In November, the Modern War Institute hosted its inaugural Class of 2006 War Studies Conference. The conference is organized to bring together distinguished representatives from the private sector, government, academia,the think-tank community, and the joint military services to debate and discuss issues related to modern war and warfare. This year’s conference explored the question of whether deterrence, a hallmark of Cold War-era defense policy, is still relevant in an increasingly multipolar world, one increasingly characterized by threats posed by violent non-state actors, hackers, a multitude of small wars, as well as the proliferation of nuclear armed states and our traditional near-peer adversaries like China and Russia. Speakers and participants sought to shed new light on how the United States should modify policy or its military to enhance our deterrence to meet the current threat environment at the tactical as well as strategic level.
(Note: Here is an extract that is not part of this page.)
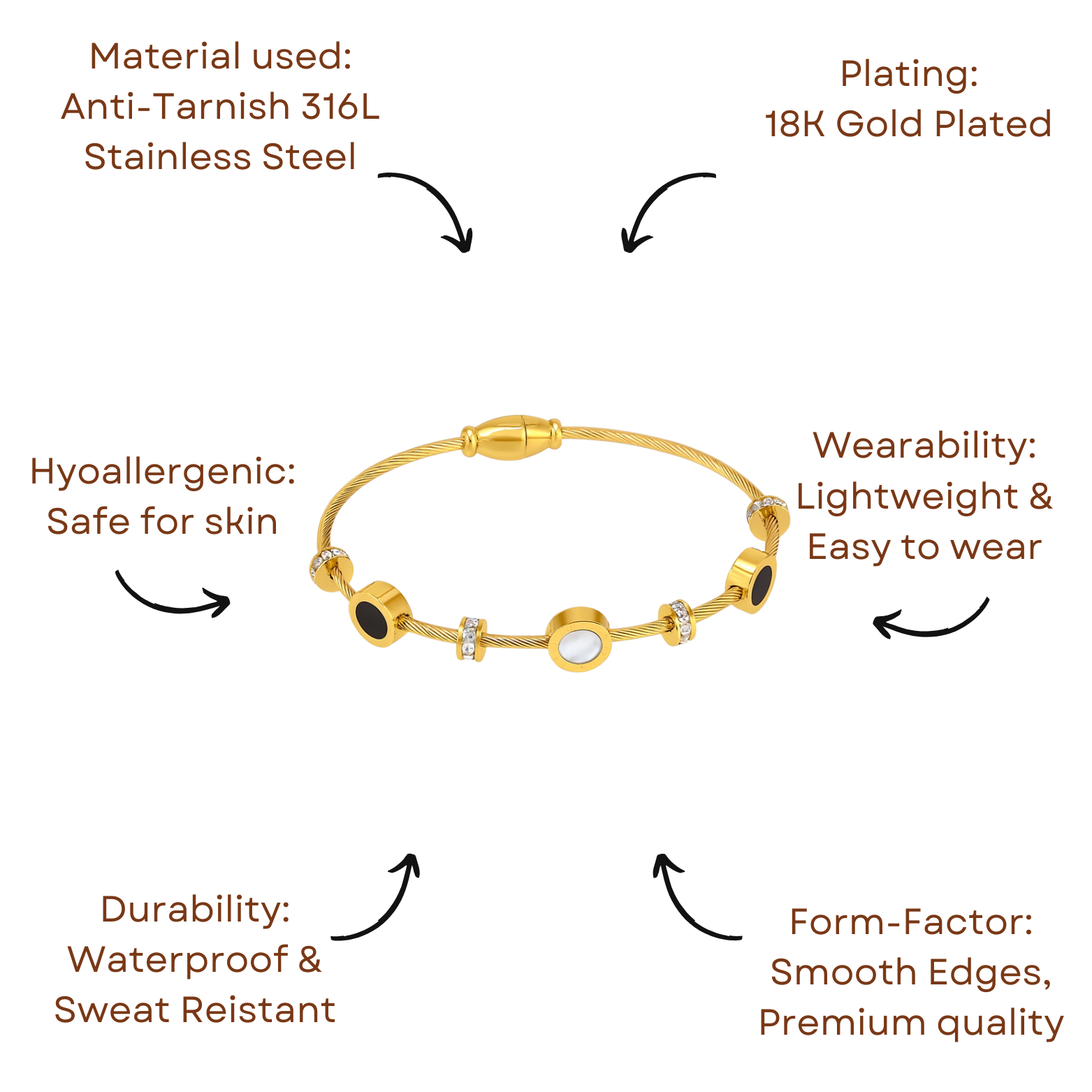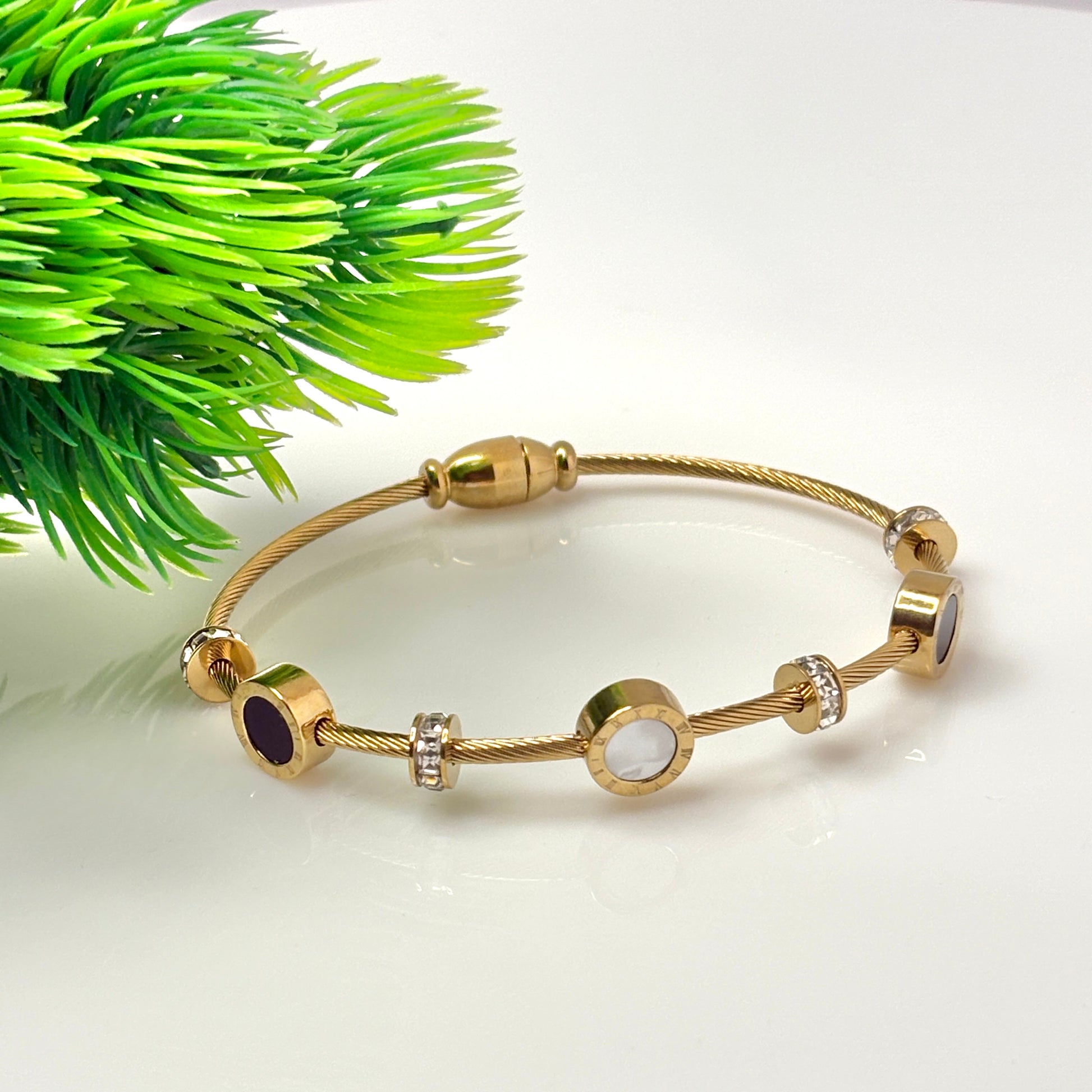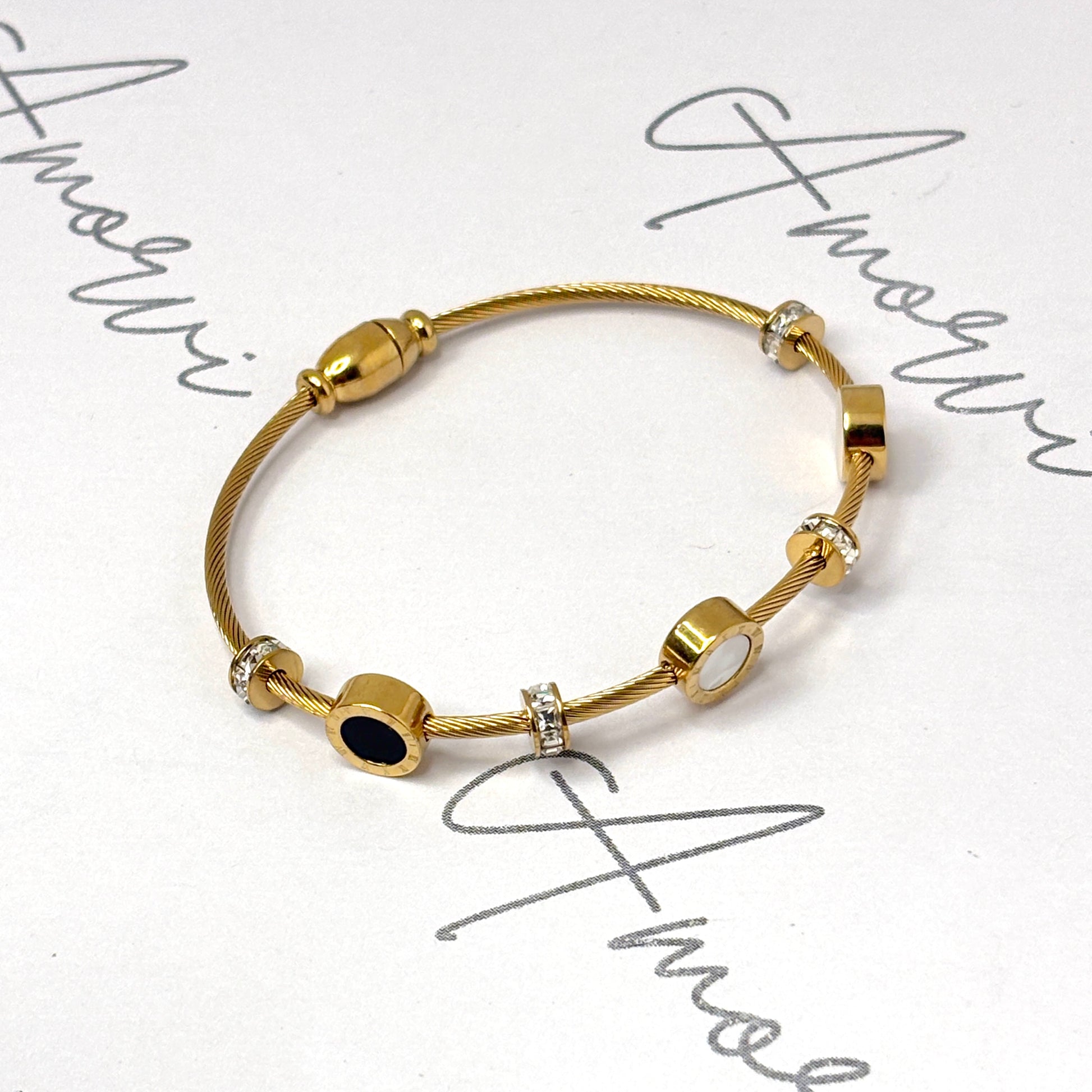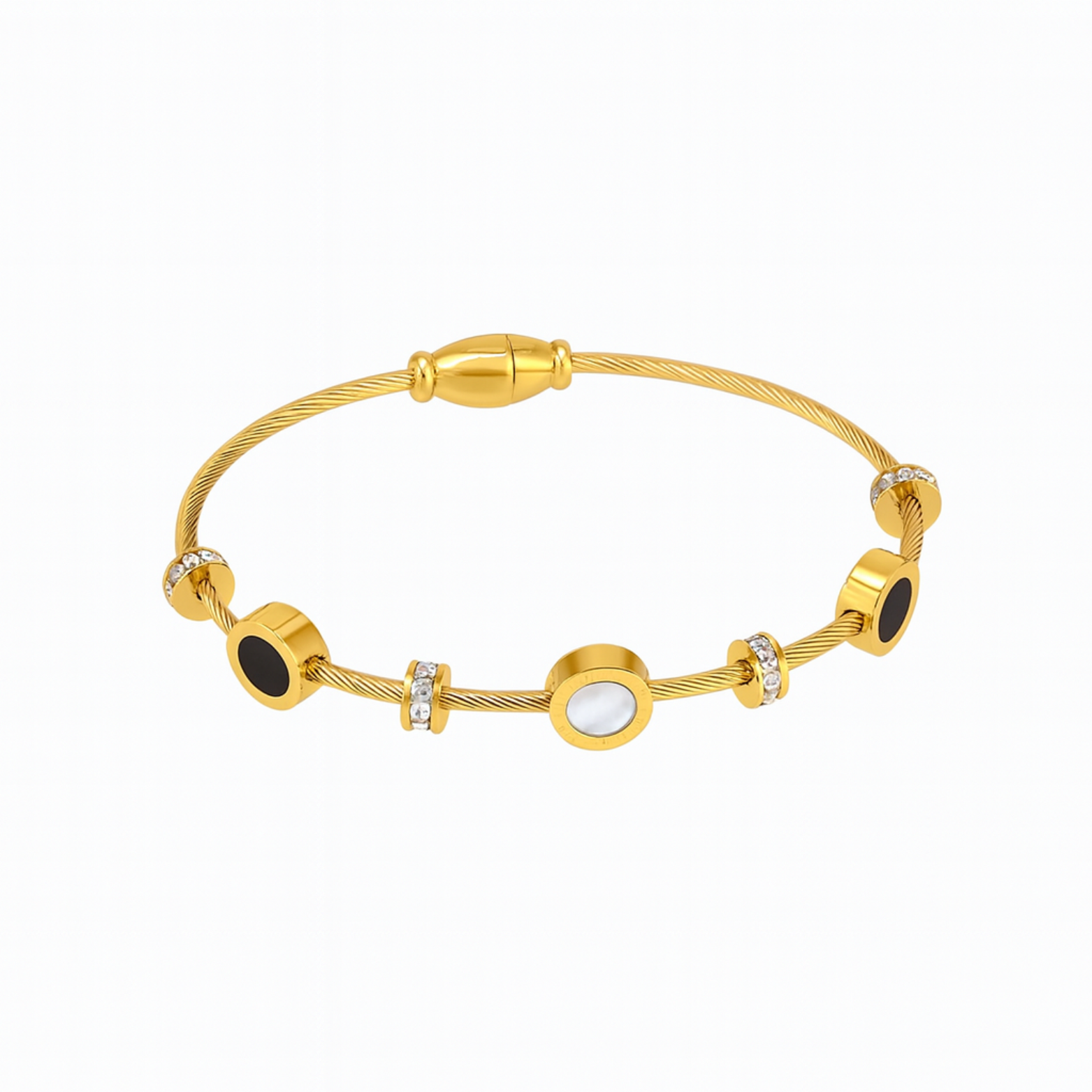 Crafted with a golden twist band and highlighted by contrasting pearl-white and midnight-blue charms, this bracelet is the essence of refined chic.

The conference featured keynote addresses by Adm. Harry B. Harris, Jr., commander of United States Pacific Command; former Commissioner of the New York Police Department Ray Kelly; retired Gen. John P. Abizaid; and Dr. Eliot Cohen of Johns Hopkins University. Participants took part in the following five panels:
Panel 1: Revisiting Schelling, Fifty Years On
Panel 2: How to Deter Tomorrow’s Non-State Adversaries
Panel 3: How to Fix our 20th-Century Security Alliances
Panel 4: Disruption or Deterrence? How to Strengthen US Cyber-Deterrence
Panel 5: Developing Alternative and Non-Military Tools of Coercion
The conference generated a wide-ranging and thorough discussion on the enduring relevance of strategic deterrence, which is captured in a conference report newly published by the Modern War Institute.